*About this task:*
Starting at the line containing "体の不自由さを体験 レポートあおき" and ending at the line containing "目前中國民眾興起以傳單、紙幣", transcribe the listing below exactly. Keep both end lines, skip the pictures, and copy nothing else.

+++ Task inputs

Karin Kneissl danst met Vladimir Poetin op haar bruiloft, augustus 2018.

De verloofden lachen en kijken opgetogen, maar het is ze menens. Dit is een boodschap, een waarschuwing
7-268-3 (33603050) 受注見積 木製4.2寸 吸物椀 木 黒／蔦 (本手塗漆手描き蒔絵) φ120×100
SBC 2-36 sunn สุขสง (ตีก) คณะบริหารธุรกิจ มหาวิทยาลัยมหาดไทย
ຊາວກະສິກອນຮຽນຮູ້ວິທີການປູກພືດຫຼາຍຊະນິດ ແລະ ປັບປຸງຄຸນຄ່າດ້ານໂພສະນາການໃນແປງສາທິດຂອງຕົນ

++++++
+++ Task inputs

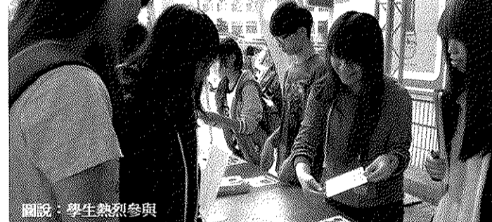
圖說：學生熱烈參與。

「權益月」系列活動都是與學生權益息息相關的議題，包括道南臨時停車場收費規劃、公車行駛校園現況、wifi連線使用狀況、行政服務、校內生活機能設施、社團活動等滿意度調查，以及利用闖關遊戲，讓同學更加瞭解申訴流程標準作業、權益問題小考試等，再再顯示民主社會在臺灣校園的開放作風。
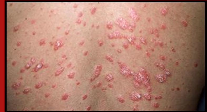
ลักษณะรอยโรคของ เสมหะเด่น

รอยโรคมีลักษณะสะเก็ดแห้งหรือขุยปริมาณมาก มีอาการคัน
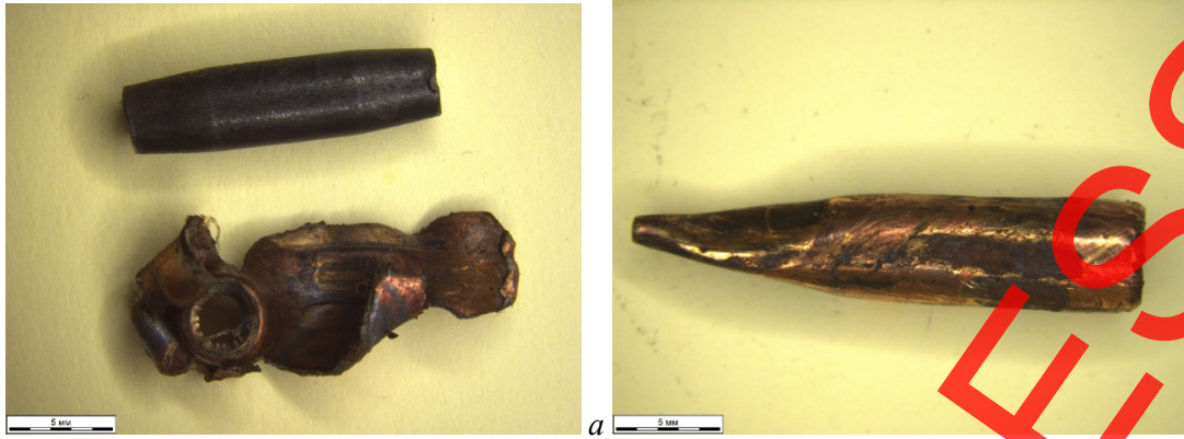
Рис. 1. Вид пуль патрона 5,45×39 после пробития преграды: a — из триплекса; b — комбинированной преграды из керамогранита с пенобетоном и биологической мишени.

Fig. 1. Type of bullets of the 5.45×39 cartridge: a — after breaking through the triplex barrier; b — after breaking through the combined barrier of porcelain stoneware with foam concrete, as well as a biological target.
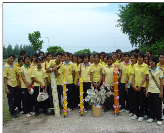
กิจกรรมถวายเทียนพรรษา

++++++
+++ Task inputs

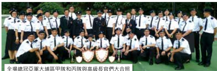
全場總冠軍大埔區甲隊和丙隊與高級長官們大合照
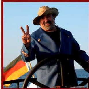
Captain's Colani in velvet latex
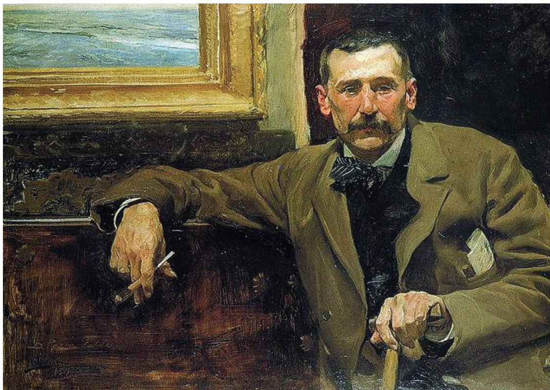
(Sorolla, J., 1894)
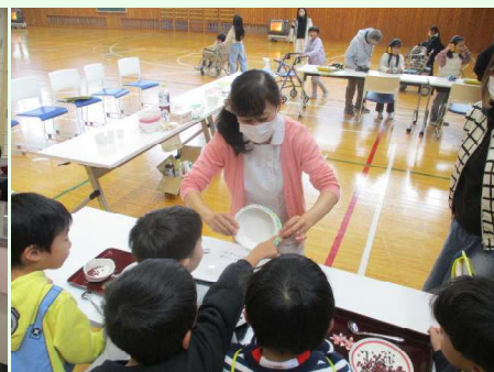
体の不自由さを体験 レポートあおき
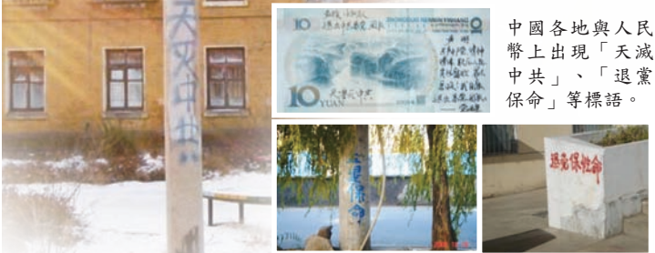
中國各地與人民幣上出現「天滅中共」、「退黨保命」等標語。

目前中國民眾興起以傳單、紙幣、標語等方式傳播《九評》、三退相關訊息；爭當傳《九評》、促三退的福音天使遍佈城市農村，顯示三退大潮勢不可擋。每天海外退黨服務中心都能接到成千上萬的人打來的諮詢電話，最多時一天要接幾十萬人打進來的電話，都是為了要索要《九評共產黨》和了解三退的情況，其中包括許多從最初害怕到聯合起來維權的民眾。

++++++

*Solution to the exercise:*
体の不自由さを体験 レポートあおき
中國各地與人民幣上出現「天滅中共」、「退黨保命」等標語。

目前中國民眾興起以傳單、紙幣、標語等方式傳播《九評》、三退相關訊息；爭當傳《九評》、促三退的福音天使遍佈城市農村，顯示三退大潮勢不可擋。每天海外退黨服務中心都能接到成千上萬的人打來的諮詢電話，最多時一天要接幾十萬人打進來的電話，都是為了要索要《九評共產黨》和了解三退的情況，其中包括許多從最初害怕到聯合起來維權的民眾。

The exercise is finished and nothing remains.